The Empowered Group of Ministers on telecom has taken a view that apart from existing roll-out norms based on covering district headquarters, telecom companies should also be asked to cover up to block head quarters.
This will, however, be applicable only on those telecom firms who use shared infrastructure created from public fund.
The EGoM headed by the Home Minister, Mr P. Chidambaram, had asked the DoT to take operators feedback on the new formula and send a revised proposal for the Group’s consideration.
The EGoM is scheduled to meet tomorrow to take decision on this issue apart from determining the reserve price for the spectrum auction.
The TRAI had earlier proposed to completely overhaul the roll-out norms by basing it on habitation instead of geographical coverage. But the DoT trashed this proposal on grounds that it would be legally untenable to change roll-out norms drastically, given that most operators have already completed their existing obligation.
The DoT had instead proposed to ask operators to cover 20 per cent of block headquarters in their circles within the first two years and another 10 per cent in the third year.
Coverage beyond that will be left to the operators depending on the viability of offering services.
Under the current licence conditions, mobile operators are required to cover at least 10 per cent of the district headquarters in the first year and 50 per cent of the districts in three years.
Minutes of last EGoM
According to the Minutes of the last EGoM meeting seen by Business Line , a view has emerged that the roll-out obligation should be a mix of the two.

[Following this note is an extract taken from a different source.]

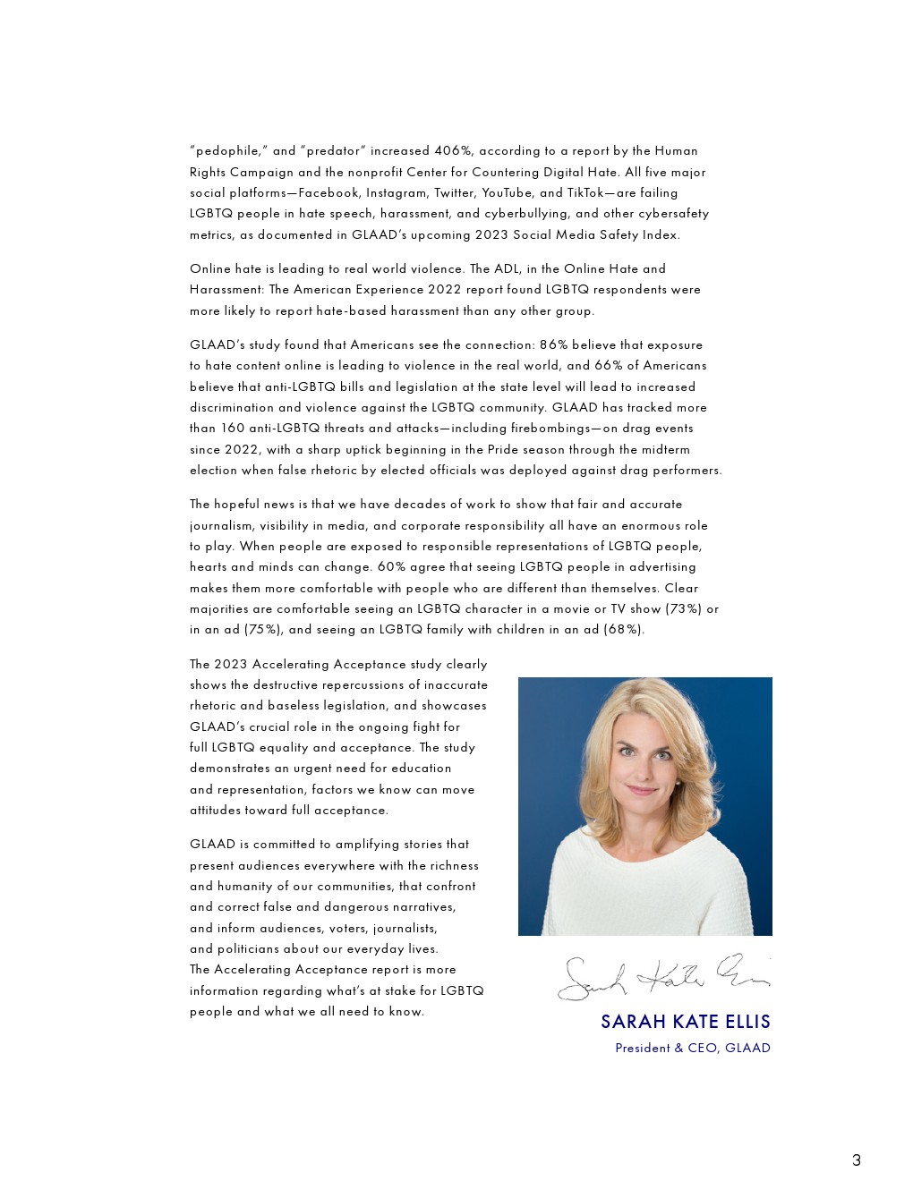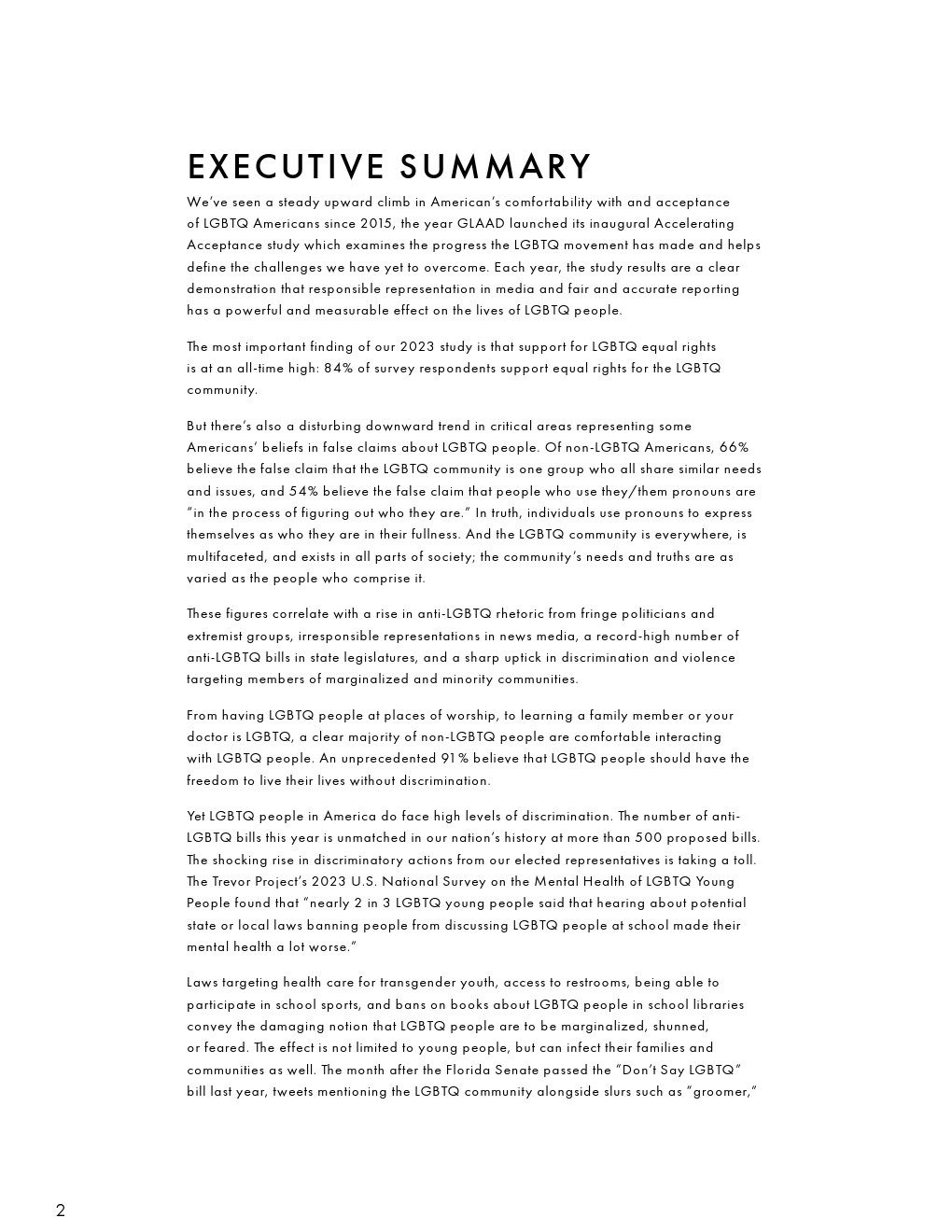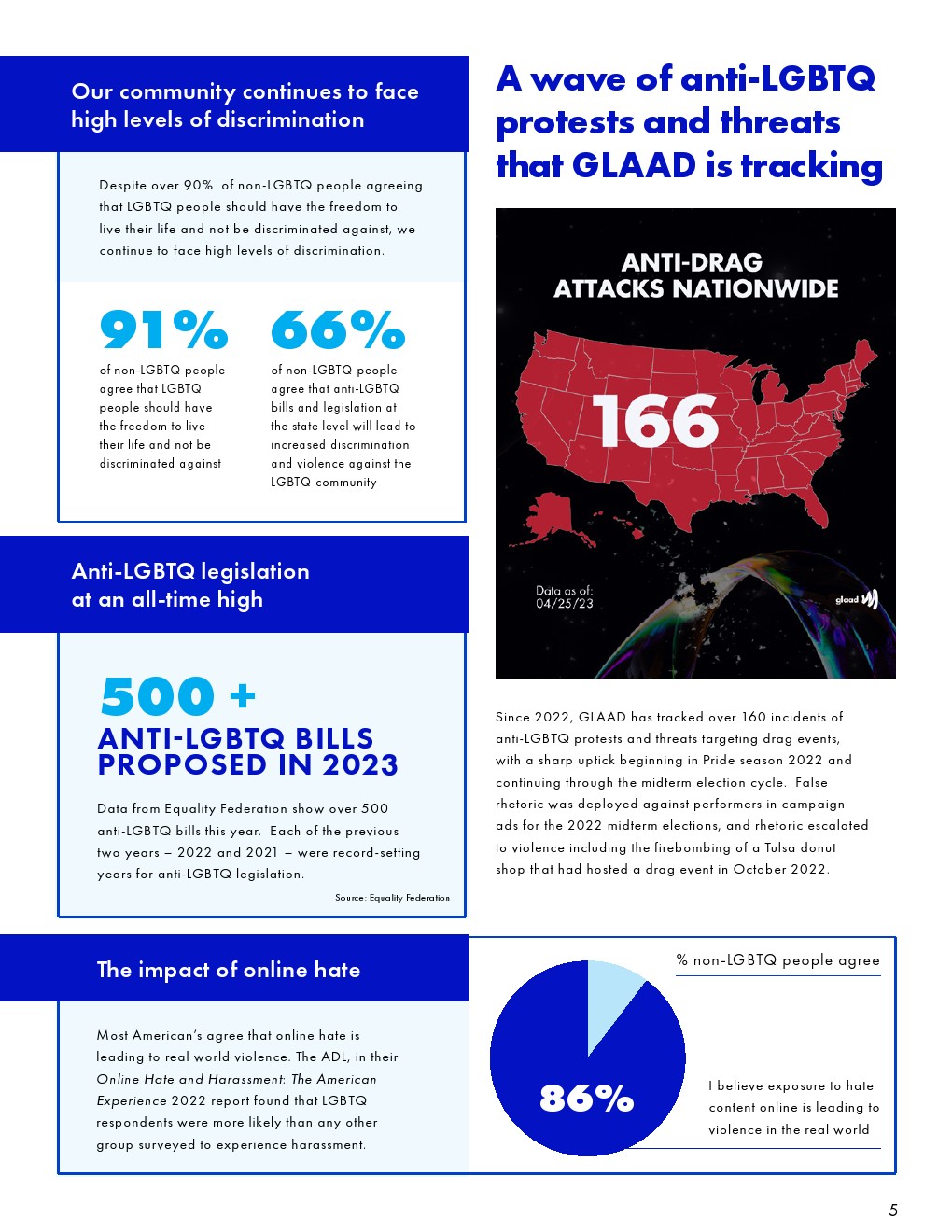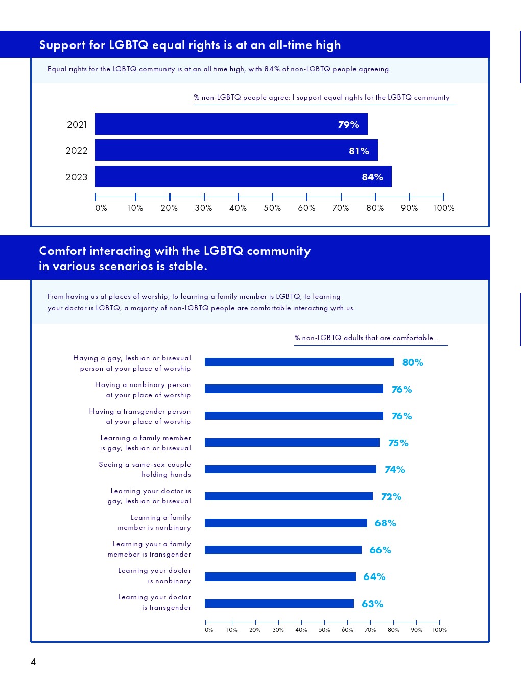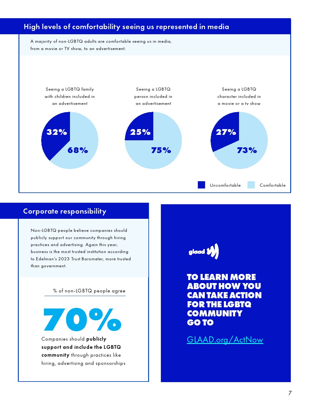 GLAAD的一项调查显示,75%的非LGBTQ成年人对广告中出现LGBTQ人物感到满意, 73%的人对电影或电视节目中出现LGBTQ角色感到满意。此外,68%的人对广告中出现有孩子的LGBTQ家庭感到满意。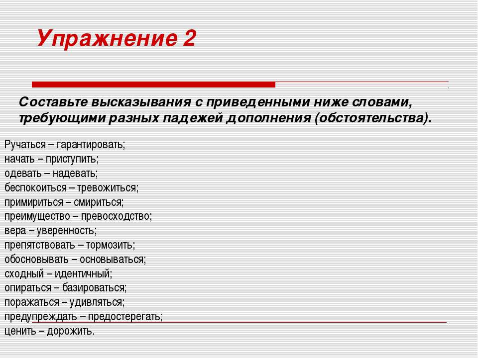 Упражнение 2 Составьте высказывания с приведенными ниже словами, требующими разных падежей дополнения (обстоятельства). Ручаться – гарантировать; начать – приступить; одевать – надевать; беспокоиться – тревожиться; примириться – смириться; преимущество – превосходство; вера – уверенность; препятствовать – тормозить; обосновывать – основываться; сходный – идентичный; опираться – базироваться; поражаться – удивляться; предупреждать – предостерегать; ценить – дорожить.

Wherever operators use their own infrastructure there will not be any additional roll-out conditions, but in case they are sharing towers or any of the other infrastructure, then they will have to roll-out into block headquarters as well.
But the big decision being awaited by everyone in the industry is the reserve price. The TRAI has proposed to fix the base price at Rs 18,000 crore, but the industry wants it reduced by at least 80 per cent.
Tariff
While the telecom regulator feels that the proposed base price will increase tariffs by 5-10 paise a minute, operators claim that the hike could be as much as 90 paise a minute.
The Cellular Operators’ Association of India has shot off another letter to the EGoM saying that the TRAI’s projections were unrealistic, as it had not accounted for various factors including full impact of spectrum re-farming.